*** Opening of Dataset records ***

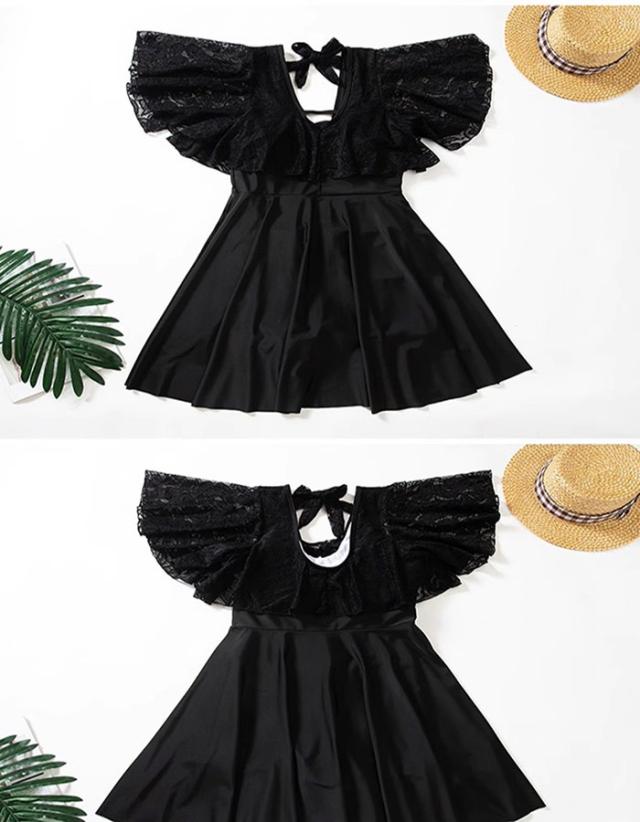大きいサイズ水着 ワンピース水着 服みたいな レディース 半袖 体型カバー 一体型パンツ付き ワイヤーなし パッド付 水着 日焼け防止 着痩せ シンプル セクシー 写真映え 撮影用 海 夏 サマー 韓国風 女性用 大人 大きいサイズ 4L-10L ブラック
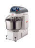 The Mecnosud SP100 spiral dough mixer is designed for pizza shops, bakeries, and restaurants that need dependable, high-volume dough production in a compact footprint. Manufactured in Italy, it includes a 160-liter stainless steel bowl and can process up to 145.5 pounds of flour per batch at 55 percent hydration. Two independent motors, dual hook speeds, and a trapezoidal belt drive work together to ensure consistent dough quality during repeated production cycles.
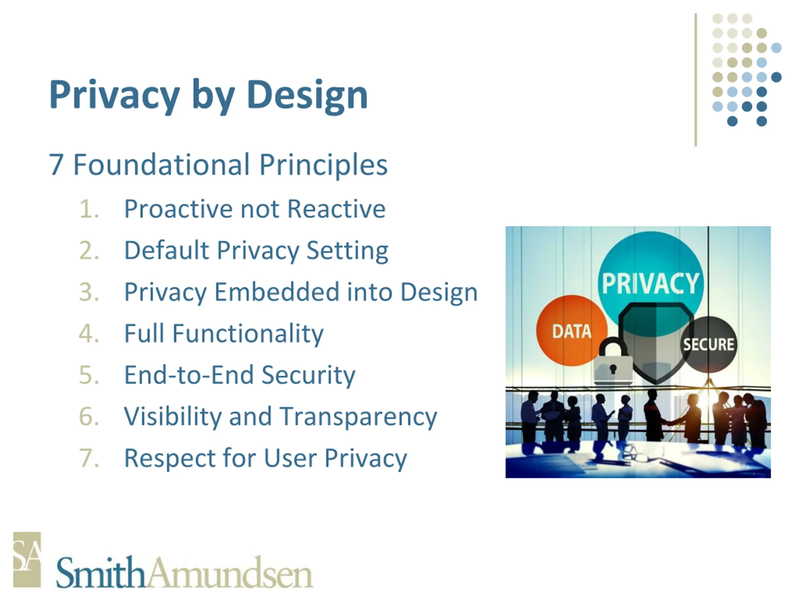 Security by Design Conduct risk assessments Minimize data collected Test security measures Train employees on security measures Address security issues at proper management level Consider vendor and service providers abilities Reasonable access control measures
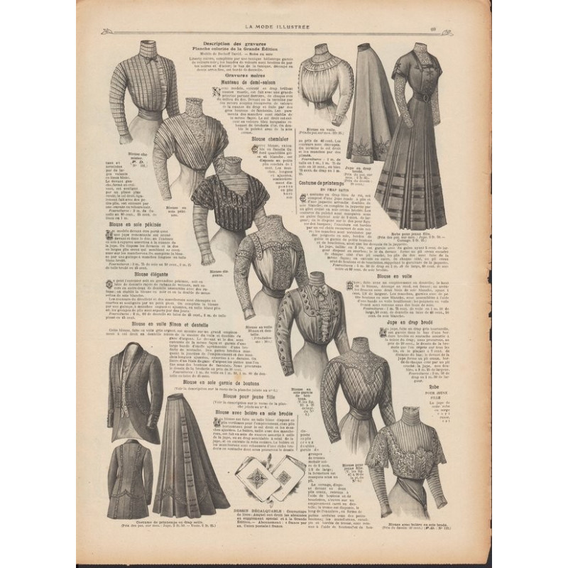 Chaque magazine présentait des modèles de robes , de lingerie , de corsets , mais aussi des vêtements d’enfants ou habits de poupées , avec de magnifiques gravures et les explications des modèles .
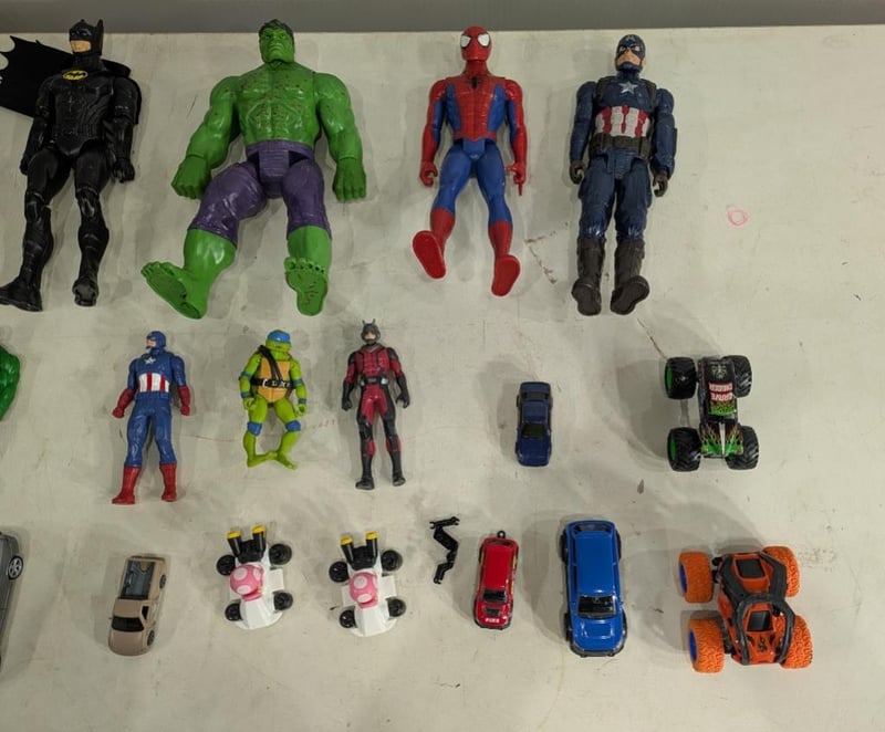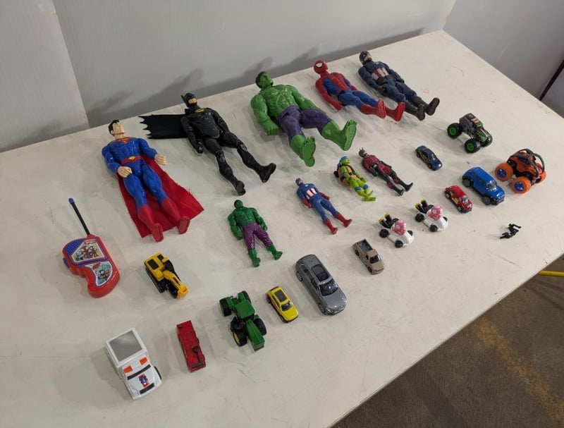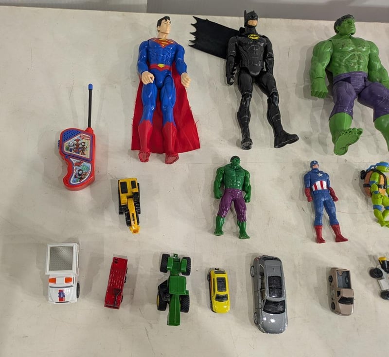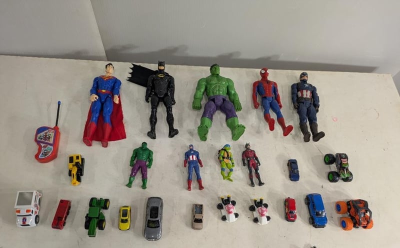 Box with Various and Assorted Kids Toys including Superhero Figurines, Mini Cars and More. Sold as Lot.
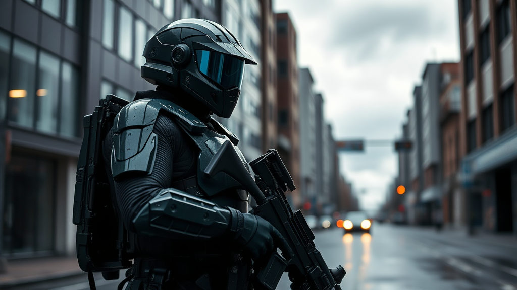 A highly advanced futuristic soldier clad in sophisticated dark forest green armor stands poised on an urban street under an overcast sky, the seamless design showcasing cutting-edge weaponry and an elaborately crafted helmet. This setting allows for intricate reflection mapping that accentuates the armor's meticulous details under dramatic, cinematic lighting. The hyperrealistic and photorealistic visual comes to life in an 8k resolution, simulating the immersive effects of the latest game engine technology. The scene captures the tension and depth of a climactic moment, blending realism with the heightened detail of science fiction.

*** Close of Dataset records ***

### Work instructions
Transcribe exactly each line of the records from the start up to and including the one with "Security by Design", and leave out every picture.

### Response
大きいサイズ水着 ワンピース水着 服みたいな レディース 半袖 体型カバー 一体型パンツ付き ワイヤーなし パッド付 水着 日焼け防止 着痩せ シンプル セクシー 写真映え 撮影用 海 夏 サマー 韓国風 女性用 大人 大きいサイズ 4L-10L ブラック
 The Mecnosud SP100 spiral dough mixer is designed for pizza shops, bakeries, and restaurants that need dependable, high-volume dough production in a compact footprint. Manufactured in Italy, it includes a 160-liter stainless steel bowl and can process up to 145.5 pounds of flour per batch at 55 percent hydration. Two independent motors, dual hook speeds, and a trapezoidal belt drive work together to ensure consistent dough quality during repeated production cycles.
 Security by Design Conduct risk assessments Minimize data collected Test security measures Train employees on security measures Address security issues at proper management level Consider vendor and service providers abilities Reasonable access control measures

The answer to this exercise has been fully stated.